··· Extracted information

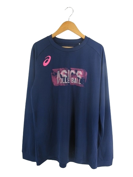 - アシックス asics Tシャツ 長袖 プリント サイズM ネイビー QQQ メンズ
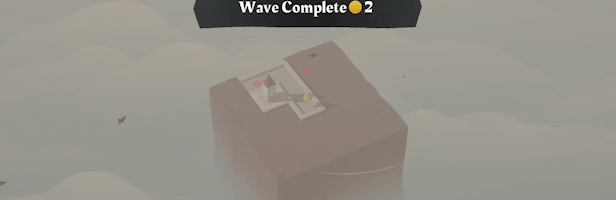 Each round, you place randomly drawn tiles on the isle. Spending coins allows you to skip a tile. When you're ready, start the next enemy wave and watch your placed defenses in action.
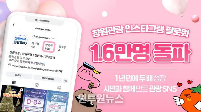 (원투원뉴스) 창원특례시는 창원관광 공식 인스타그램 채널이 올해 말 기준 팔로워 수 1만 6,000명을 돌파하며, 지난해 연말 약 9천 명 대비 1년 만에 두 배 가까운 성장을 기록했다고 22일 밝혔다.
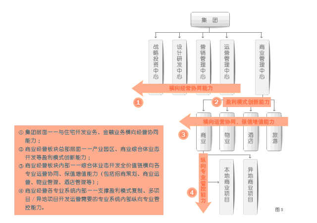 某深圳民营企业集团,经过近二十年的发展,集团旗下逐渐形成了房地产开发、商业经营、酒店管理、物业服务等专业公司。近年来,随着商业地产开发体量的增加和持有商业物业资产的增大,该集团原来独立分散、各自为战的商业管理模式存在以下主要问题:该集团通过在总部建立商业管理中心,充分整合商业管理资源,可以有效发挥四个方面的重要作用,如图5 :
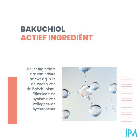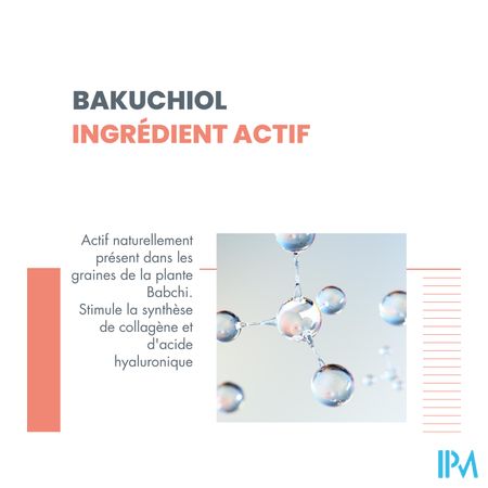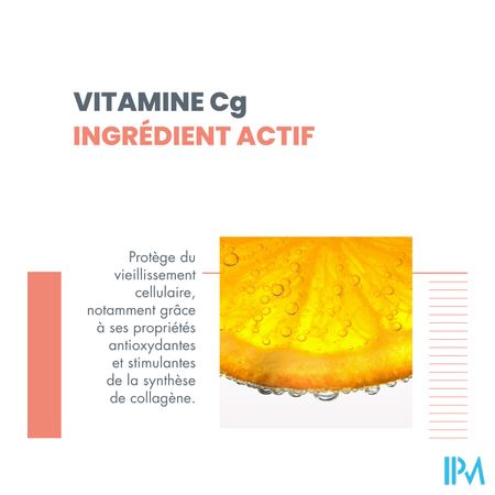 [VITAMINE Cg*] 1,8% : erkend om zijn antioxiderende werking die overeenkomt met die van 20% vitamine C** [NIACINAMIDE] 3%: regenereert de huid op lange termijn en vermindert ouderdomsvlekken [BAKUCHIOL] 1,5%: erkend als plantaardig alternatief voor retinol, strijkt rimpels weer glad
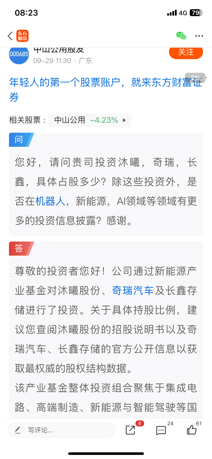 $中山公用(SZ000685)$ 看董秘答复,有长鑫存储投资。
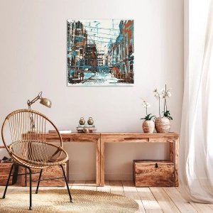Il paesaggio urbano nei toni del blu e dell'arancione è anche un'idea regalo ideale per gli amanti dell'atmosfera urbana e dell'interior design moderno. Quest'opera d'arte porta energia, creatività ed espressione artistica ai vostri interni.
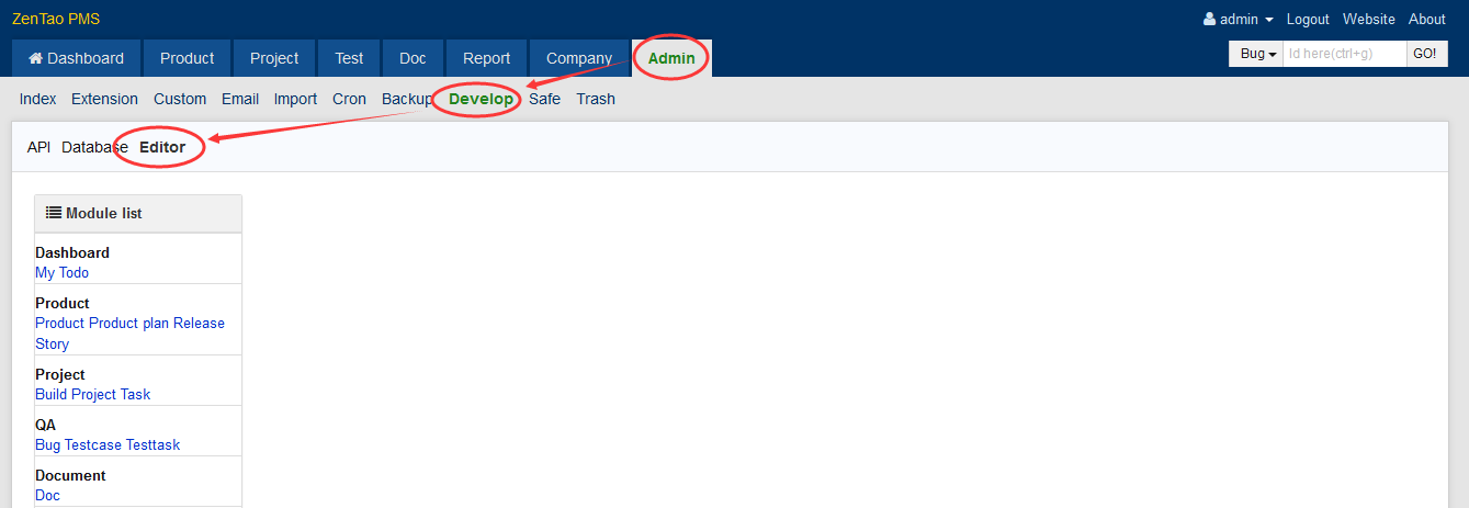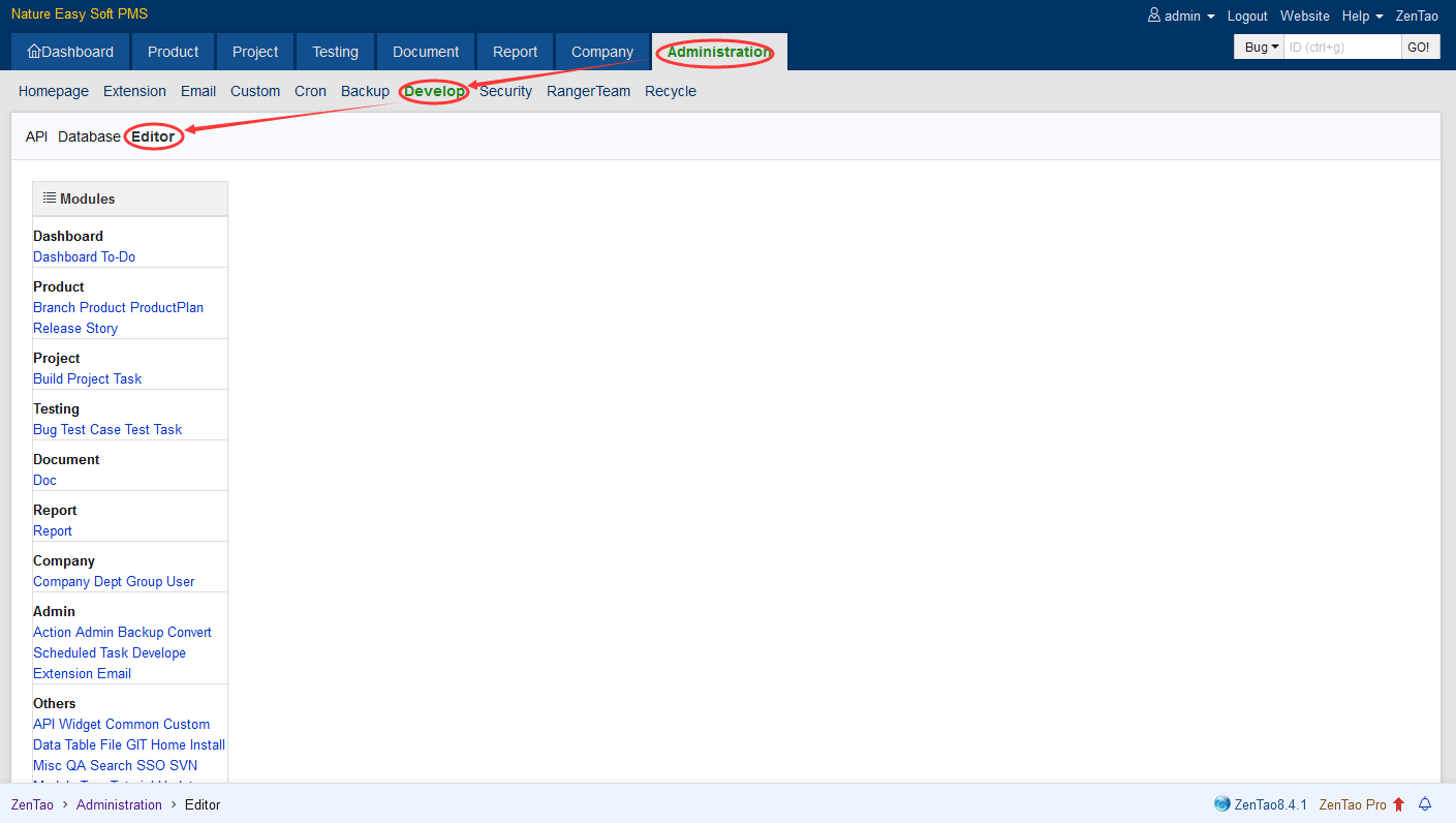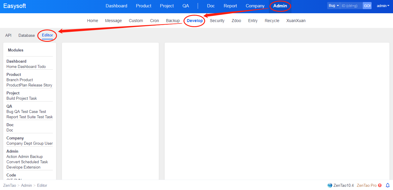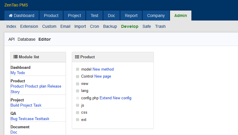 ZenTao has a code editor. You can log in ZenTao as a super administrator to develop.

······

» **What you will do**: The records above are to be reproduced exactly; the pictures are to be left out.

» **Written reply**:
 - アシックス asics Tシャツ 長袖 プリント サイズM ネイビー QQQ メンズ
 Each round, you place randomly drawn tiles on the isle. Spending coins allows you to skip a tile. When you're ready, start the next enemy wave and watch your placed defenses in action.
 (원투원뉴스) 창원특례시는 창원관광 공식 인스타그램 채널이 올해 말 기준 팔로워 수 1만 6,000명을 돌파하며, 지난해 연말 약 9천 명 대비 1년 만에 두 배 가까운 성장을 기록했다고 22일 밝혔다.
 某深圳民营企业集团,经过近二十年的发展,集团旗下逐渐形成了房地产开发、商业经营、酒店管理、物业服务等专业公司。近年来,随着商业地产开发体量的增加和持有商业物业资产的增大,该集团原来独立分散、各自为战的商业管理模式存在以下主要问题:该集团通过在总部建立商业管理中心,充分整合商业管理资源,可以有效发挥四个方面的重要作用,如图5 :
 [VITAMINE Cg*] 1,8% : erkend om zijn antioxiderende werking die overeenkomt met die van 20% vitamine C** [NIACINAMIDE] 3%: regenereert de huid op lange termijn en vermindert ouderdomsvlekken [BAKUCHIOL] 1,5%: erkend als plantaardig alternatief voor retinol, strijkt rimpels weer glad
 $中山公用(SZ000685)$ 看董秘答复,有长鑫存储投资。
Il paesaggio urbano nei toni del blu e dell'arancione è anche un'idea regalo ideale per gli amanti dell'atmosfera urbana e dell'interior design moderno. Quest'opera d'arte porta energia, creatività ed espressione artistica ai vostri interni.
 ZenTao has a code editor. You can log in ZenTao as a super administrator to develop.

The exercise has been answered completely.